Let's flash back to January 5, 1994, shall we? Here's the Washington Post's editorial that day:
THE ADMINISTRATION has taken the position that there's no need to name an independent counsel in the Madison Guaranty Savings & Loan case. It argues that the investigation is safely in the hands of career Justice Department attorneys, that the president and Mrs. Clinton are cooperating fully even though not directly involved and that the attorney general has no current power to appoint a fully independent counsel anyway.
We think that's wrong -- that, murky though most aspects of this case still are, it represents precisely the kind of case in which an independent counsel ought to be appointed. We say that even though -- and this should be stressed -- there has been no credible charge in this case that either the president or Mrs.

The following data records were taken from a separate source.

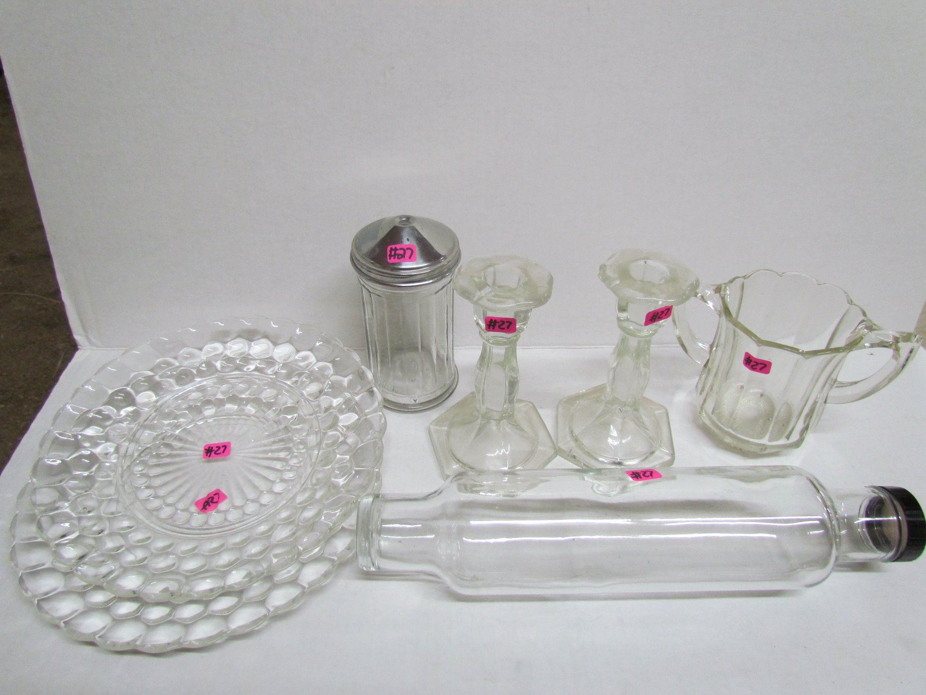 7 pieces of Glassware (Spooner, Sugar, plates, candle sticks)
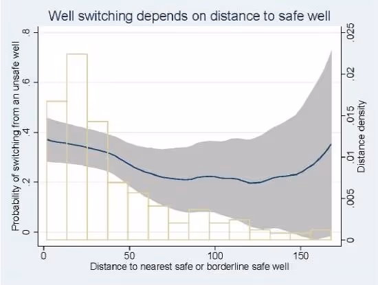 Note: The graph shows the probability that household whose wells tested ‘red’ (high arsenic) in 2012 switched to a safer (‘blue’ or ‘green’) well, conditional on distance (in metres) to the nearest safer well.
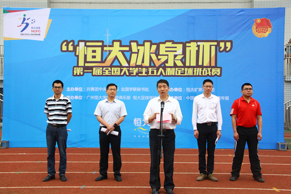 5月23日上午,为期两天的第一届“恒大冰泉杯”全国大学生五人制足球联赛安庆师范学院赛区比赛在龙山校区体育场正式开幕。副院长张群出席开幕式并致辞。“恒大冰泉杯”全国大学生五人制足球联赛在全国100所高校开展,全国划分为五大赛区,每个赛区有20所高校参与,威尼斯官网为安徽赛区四所承办高校之一。威尼斯官网校内赛由校团委及校学生会共同承办。除了男子足球赛之外,此次赛事还开展了以现场录拍视频的方式进行评比的女子啦啦操赛,以及“微战报”“微摄影”“微视频”“微海报”等足球文化微创意大赛。

Clinton did anything wrong. Nevertheless, it is in the public interest -- and in the president's as well -- to put the inquiry in independent hands.
There had been, according to the Washington Post editorial board, “no credible charge” that either Bill or Hillary Clinton had done “anything wrong.” And yet the Post demanded an independent investigation anyway. That's how, eventually, America got saddled with Ken Starr, and how years of investigation of an innocuous real estate deal morphed into a probe of the president's sex life.
That's what can happen when the media insists on an investigation not because there is evidence of real wrongdoing, but in order to prove innocence. And that, no doubt, is exactly the kind of thing many conservatives are hoping for.
If reporters sincerely believe that the Sestak allegations suggest serious wrongdoing, fine: they should argue their case. (While they're at it, they should demonstrate that they were saying the same thing three months ago, and three years ago, and three years before that -- or explain their sudden onset of outrage.) But if they're just playing a little game, or -- like the Washington Post in 1994 -- asking for an investigation despite not believing there is any “credible charge” of illegality, they should think long and hard about what they're doing.